ATATÜRK MORREU
Tive vários amigos turcos. Um deles – teria hoje uns cem anos – inesquecível pela sua inteligência, bom humor e bom conselho. Halûk Bayulken de seu nome, foi quase tudo na hierarquia da Turquia laica: diplomata, embaixador em Londres e Washington, ministro da defesa e dos estrangeiros, Legião de Honra, Ordem do Império…
Guardava, com graça, um cartão de identidade em árabe otomano, que provava ter uns seiscentos anos de idade… na era de Maomé. Com o mesmo espírito, dizia que tinha, no Reino Unido, o direito a ser tratado por His Lordship e, na Turquia, por His Godship, já que o seu nome era o de um deus dos tempos anteriores ao Islão.

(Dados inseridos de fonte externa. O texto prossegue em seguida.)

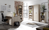 Skříň má 2 otočné dveře, za nimiž se nachází vnitřní vybavení, které je sestaveno z 4 vložených polic. Decentní úchytky usnadňují otevírání otočných dveří. Skříň je vyrobena z laminovaného dřevěného materiálu, který je odolný a nenáročný na údržbu.

“Ataturquista” convicto, costumava explicar que, na sociedade turca, a democracia e a separação da religião e do Estado não eram coisas fáceis de manter. Por isso, Mutafá Kemal (Ataturk - pai da Turquia) tinha estabelecido constitucionalmente que competia às forças armadas a guarda última do regime e a sua opção ocidental e laica. O que, convenhamos, às vezes dificilmente justificava certas intervenções ditas “correctivas”. Costumava citar Jesus Cristo como o grande inventor da fórmula mágica “dar a César o que é de César e a Deus o que é de Deus”. E se, para manter o princípio, fosse preciso um toque militar…

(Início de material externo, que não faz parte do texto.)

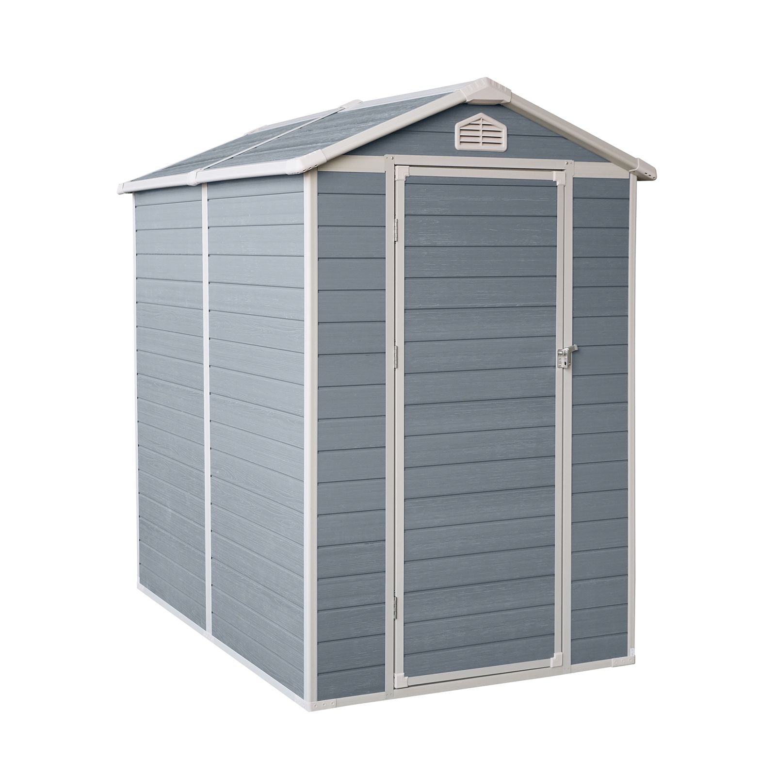 4x6ft Resin Outdoor Storage Shed with Floor and Lockable Doors for Patio,Yard,Lawn ,Grey

Para nós, isto parece estranho, até inaceitável. Mas, se pensarmos duas vezes, se olharmos com atenção o pulsar social sempre presente na cultura e nas mentalidades turcas, alguma compreensão teremos para com as ideias do meu amigo. Não tivemos nós um golpe militar a abrir caminho para a democracia?
Um longo percurso eleitoral levou Erdogan, à frente de um partido islamista tido por moderado, ao cume do Estado. Ajudado por um clima económico favorável, foi reforçando o seu poder ao mesmo tempo que restaurava o “chador” e dava privilégios clericais. De caminho, arrancou numa cavalgada de poderio, pôs em causa o poder judicial, “saneou” juízes, demitiu e substituiu as hierarquias militares, prendeu generais “suspeitos”, fechou jornais incómodos, alterou a Constituição, etc. Por outras palavras, serviu-se do apoio popular democrático para pôr no lixo a democracia, locupletando-se com o poder sem reconhecer limites de legitimidade.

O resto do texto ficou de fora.